The Wal-Mart Effect (1)

"Wal-Mart has recently taken to explaining that retail jobs like those it offers, although paying double the minimum wage, are nonetheless intended as supplemental income, not as support for a family. The problem with that is that for two thirds of Americans, Wal-Mart is the single largest employer in the state where they live." (pg 15)

"From one side of the country to the other, there are dozens of lawsuits alleging that store managers routinely forced hourly employess to punch out at the time clock, then return to work, putting in hours of unpaid labor. Wal-Mart recently settled a federal investigation of its use if hundreds of illegal aliens to clean its stores, making a record-setting payment to the federal government.

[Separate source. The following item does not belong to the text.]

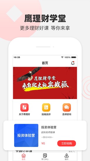 鹰理财学堂app给想学习理财的朋友带来非常全面且方便的理财学堂软件,丰富的功能不仅有便捷的操作方式更有海量优质课程选择以及专业名师在线知道,实时提问以及各种优质期货理财方案选择等等应有尽有,软件功能多多上手容易等你来加入。需要的朋友赶紧来下载吧。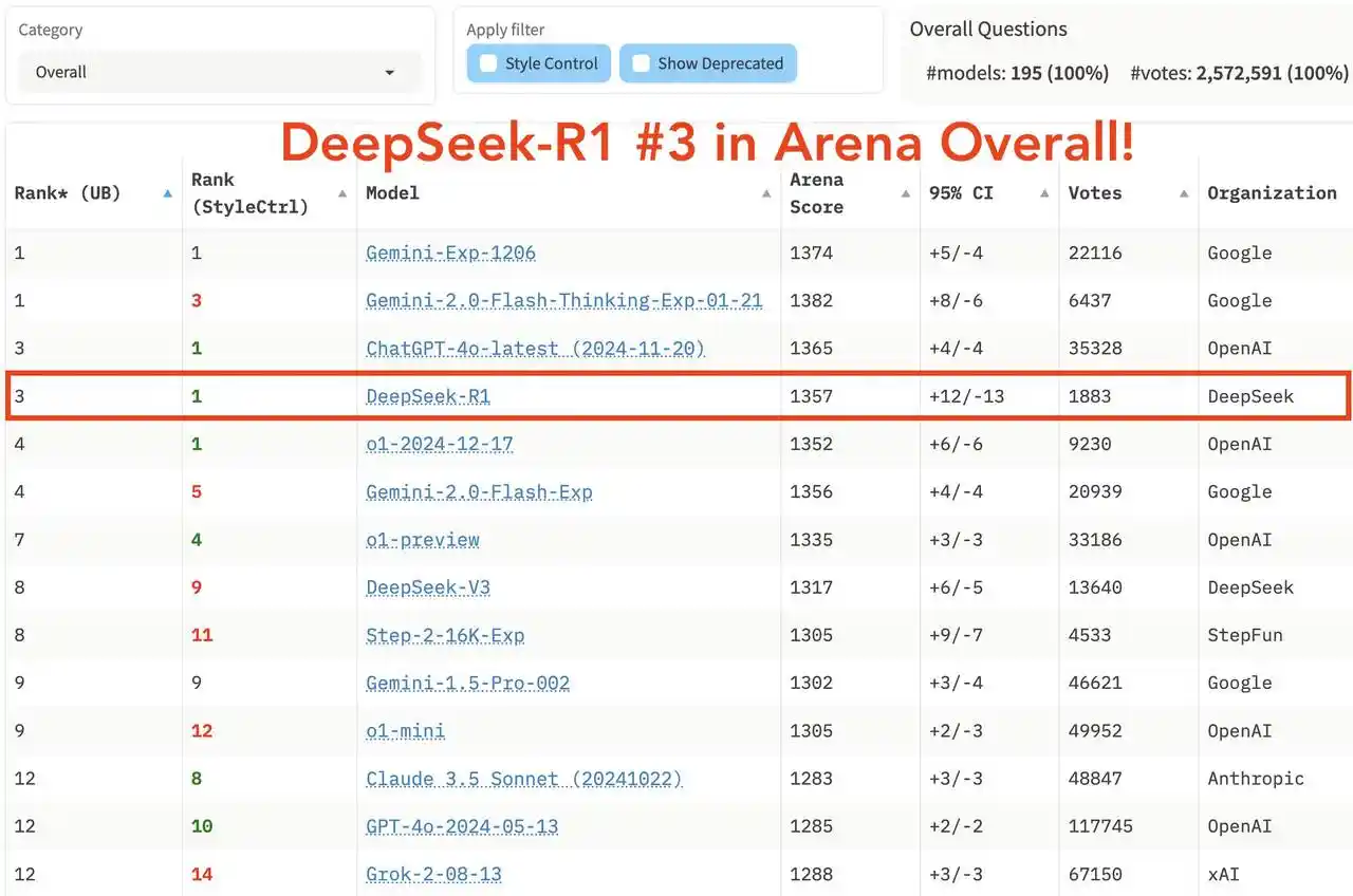 在最新公布的大模型竞技场 LM Arena 的综合榜单中,DeepSeek R1 排名第三,与 o1 并列。

The company faces the largest class action lawsuit in history: the sex discrimination suit on behalf of 1.6 million current and former female employees that alleges that Wal-Mart managers systematically underpaid women and denied them promotions. A front-page story in the New York Times in 2004 revealed Wal-Mart's routine practice of locking employees inside about 10 percent of its stores overnight, a practice the company altered even before the Times could publish the story." (pg 27) (note: this case is ongoing)

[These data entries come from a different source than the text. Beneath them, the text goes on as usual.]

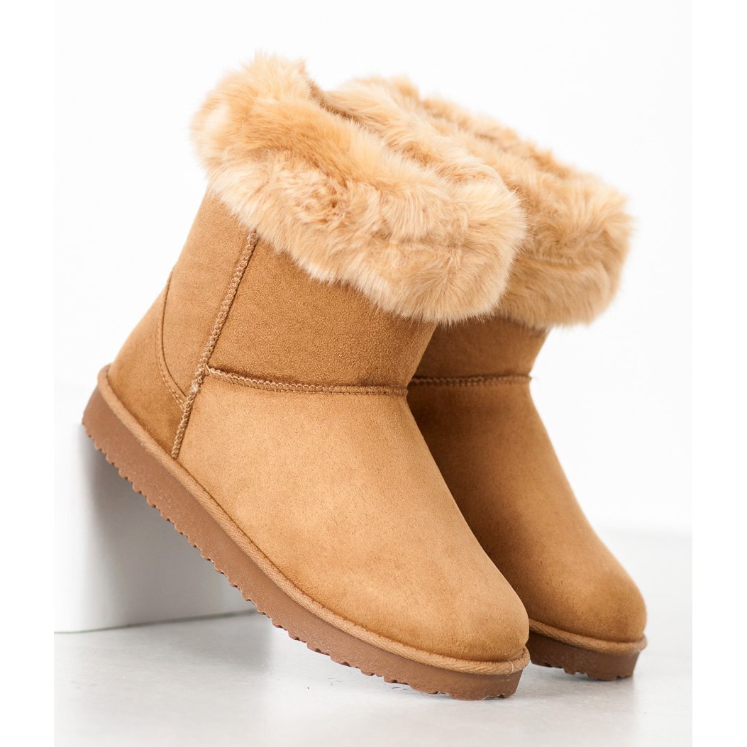 We present warm fur mukluks in an elegant brown color, which are the perfect solution for colder days. These slip-on shoes, made of high-quality leather-like material, combine style with functionality, working well in both urban conditions and more wintery circumstances.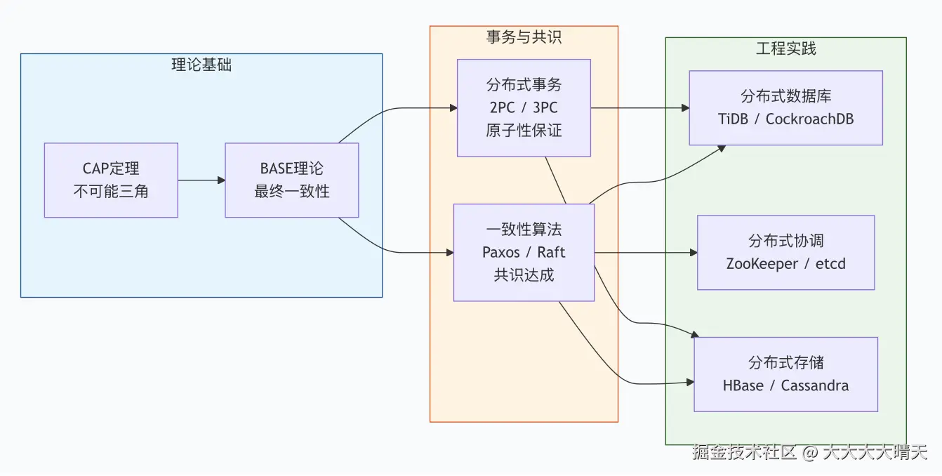 分布式理论、分布式事务、分布式一致性算法,是大数据分布式处理的三大核心基石——CAP给出了约束条件,事务协议解决了“原子性”问题,一致性算法解决了“共识”问题。一个成熟的分布式存储系统,通常需要同时运用这些技术:用一致性算法(如Raft)管理元数据和选主,用分布式事务协议(如2PC或TCC)处理跨分片写入,最终在CAP的约束下做出符合业务需求的取舍。
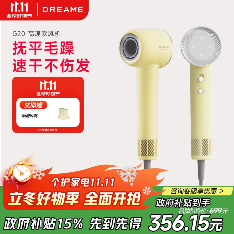 自营追觅韶光G20家用电吹风恒温速干吹风筒负离子高速护发无叶吹风机送礼礼物 蜂蜜黄AHD12B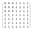 This matrix also requires 16 permutations for a proper covering. To see why, try threading permutations through the columns of the matrix, starting at the left edge and in each column choosing a 1 element (never a 0) from a different row. Because of the block of zeros at the upper left, the first three elements of every permutation must lie in rows 4 through 7. Thus each permutation “uses up” three of the last four rows in the first three columns, and the rest of the permutation can revisit this range of rows only once. It follows that each permutation can touch only one element in the 4×4 block of 1s in the lower right corner of the matrix, and at least 16 permutations are needed to cover all the 1s in the matrix. Showing that 16 are sufficient is not hard.

"Even if you assume that Wal-Mart and its competitors are hiring equally talented staff - which is not a safe assumption - the standard Wal-Mart headquarters staffer is working at least 15 percent more hours in a routine week, even if his or her competitors are logging fifty hours." (pg 30)

"Sam valued every penny" (pg 30)

"Sam was a workaholic" (pg 31)

"In August 2004, a union was certified at a Wal-Mart store in Quebec, and it was authorized to negotiate a labor contract with Wal-Mart on behalf of the store's 190 employees. Ten months later Wal-Mart closed the 130,000 square foot store in Jonquiere, laying off all the associates. In eleven years of doing business in Canada, where Wal-Mart is the largest retailer, the company had never permanently closed a store. A Wal-Mart spokesperson said simply that the union's contract demands would have required the store to add thrity new jobs - a 15 percent increase in payroll for a company that operates on a 3 percent profit margin." (pg 48)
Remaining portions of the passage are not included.